2017年、日経平均株価は続伸し、また仮想通貨ビットコインの高騰も話題となった。保有していた株や仮想通貨の評価額が上がって気分をよくしているが、もし株価や仮想通貨の価格が反転した場合はどのように対応するのか。
例えば100万円で株を手にし、150万円まで上昇後、70万円まで急落した場合、プロであれば損切りを実施し、ロスを最小限にとどめる。一方、経験の浅い投資家であれば、150万円まで上昇した時の高揚感が忘れられず、利益は確保できなくても、買値の100万円まで値が戻るまで様子を見ようと、株価の急落に対し、何の対応をしないケースが目立つ。しかし、その後も株価はずるずると下落傾向が続き、損失が増々拡大するという事態に陥ってしまうこともある。
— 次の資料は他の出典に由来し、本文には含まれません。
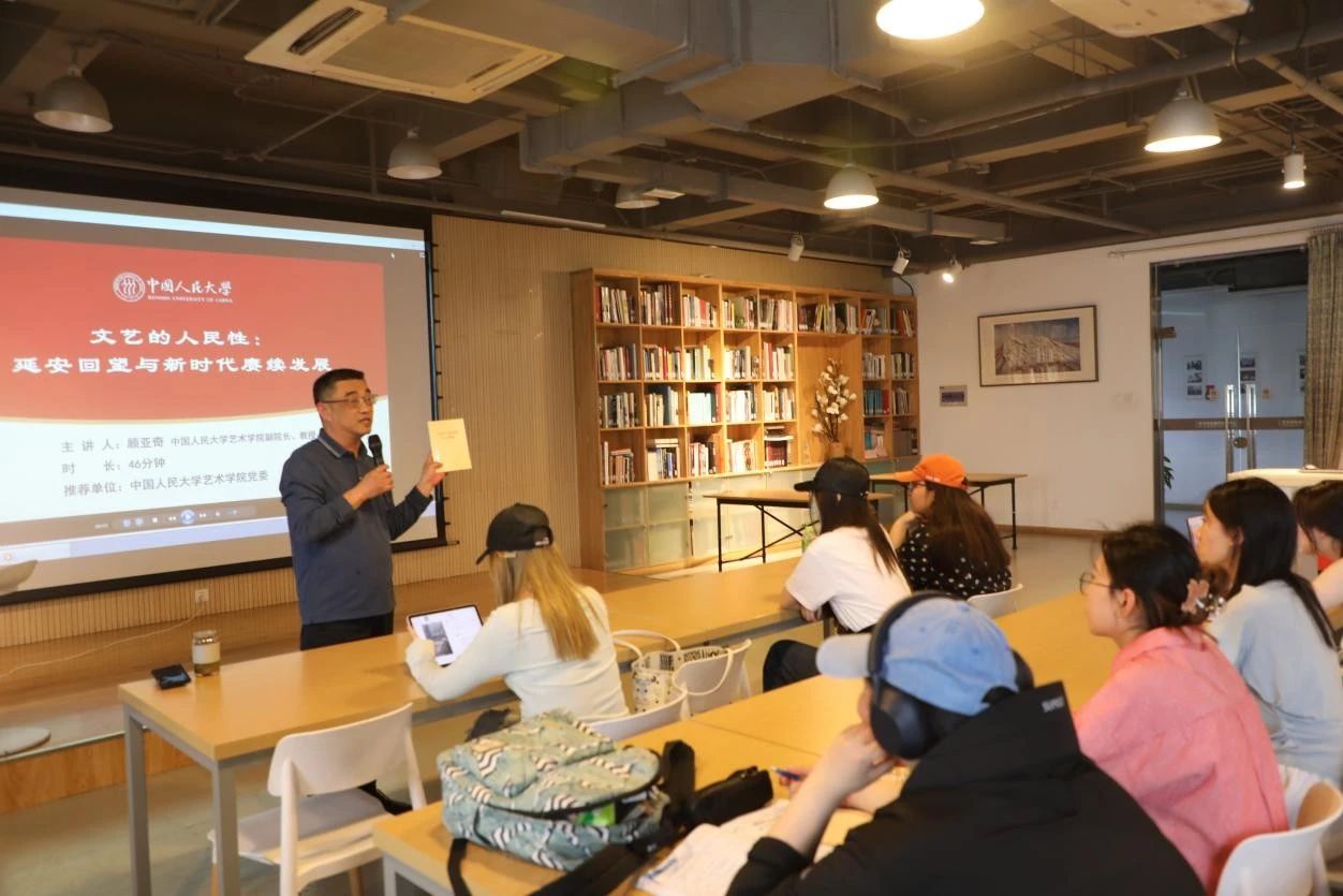 本期党校的第四次培训在yl23455永利集团530教室举行,yl23455永利集团副经理顾亚奇教授主讲以“文艺的人民性——延安回望与新时代赓续发展”为题的党课,带领公司党校学员深入学习毛泽东同志在延安文艺座谈会上的讲话精神与习近平总书记在文艺工作座谈会上的重要论述。顾亚奇教授结合自身党课大赛获奖作品,围绕“文艺的人民性”这一核心命题,回顾了1942年延安文艺座谈会的历史背景与深远影响,并结合人大校史、陕北公学的艺术传统,生动呈现了人民大学红色文艺基因的历史渊源。

投資家の心理として、70万円まで株価が下がった時点で、30万円の損失を抱えているという呪縛に取り付かれてしまう。見方を変えれば、株価は下がったが、まだ70万円の投資資金があり、別の有望株に投資を切り替えて、損失をリカバーできるチャンスはある。しかし、30万円の損失というサンクコストに固執してしまい、損切りという判断ができない状況に陥ってしまうのだ。
経営判断ではサンクコストの餌食に要注意
企業としての成長を見据え、日々、重要な決断を迫られる経営者にとっても、サンクコストは強敵となる。時代の変化に合わせ、新規事業への参入を決定したものの、数年の準備期間を経て、いざ始動する時期になると、マーケットの状況が激変しているという事態は頻繁に発生する。目利きの経営者であれば、現在のマーケットの潮流を読み取り、激変した市場環境では、利益は確保できないとして、新規参入を見送る英断を下す。
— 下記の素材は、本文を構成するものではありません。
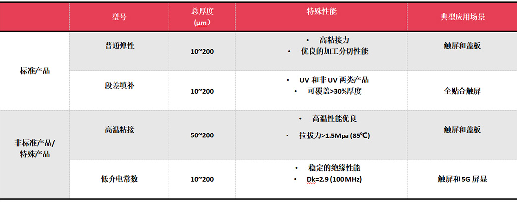 應用闡述:OGS屏幕保護,顯示器面板等各種光學膜片以及觸摸屏 ITO 玻璃的粘接
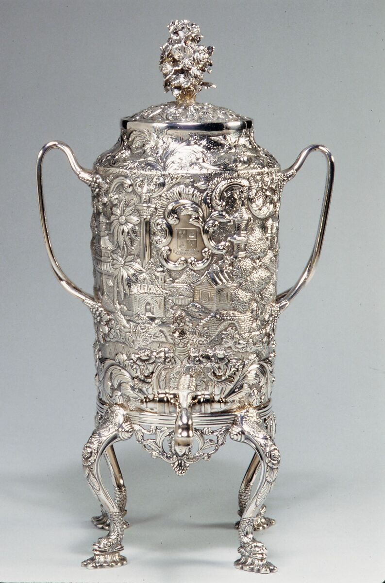 This coffee urn belongs to a tea and coffee service containing nine pieces. Decoration in relief covering the whole surface of the object was popular in Baltimore from the 1830s to the end of the century. Here, the rich repoussé ornament features chinoiserie scenes. The shapes of the teapots and the sugar bowl, unusual in silver, were copied from Chinese export porcelain forms of the early 1800s. The service was made for James Hamilton Wilson of Baltimore in 1845, the year he married.

しかし、多くの経営者は、新規参入までに要した時間、コストを惜しみ、マーケットの変貌を自覚しながらも、せっかく事業立ち上げまできたのだから、計画通り実行することにこだわってしまう。結果として、新規参入は失敗し、会社は大きな損失を被る。サンクコストの餌食になってしまった結果、経営判断を誤り、事業が立ち行かなくなってしまう危険性すら潜んでいるのだ。
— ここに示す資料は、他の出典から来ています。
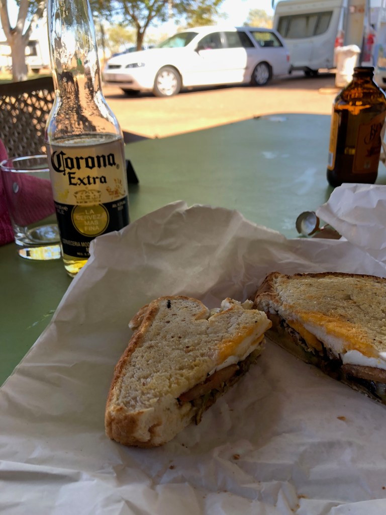 It was lunch time when we reached the Barkly Homestead, so we shouted ourselves to a Barkly Burger before we drove on to the free camp at the Mile 41 Bore. We set up a nice camp, although the wind was rather strong. After our big lunch we settled for poached eggs for dinner.

サンクコストは、人間の心理に大きな影響を及ぼし、合理的な判断を遠ざけてしまう。経済学では人間は合理的に行動するという前提に立っているが、ノーベル経済学賞でも注目が集まった行動経済学は人間の行動の非合理性に着目しており、非合理的な判断を引き起こすサンクコストに注意して、2018年は日々の行動の選択、判断を試みたいところだ。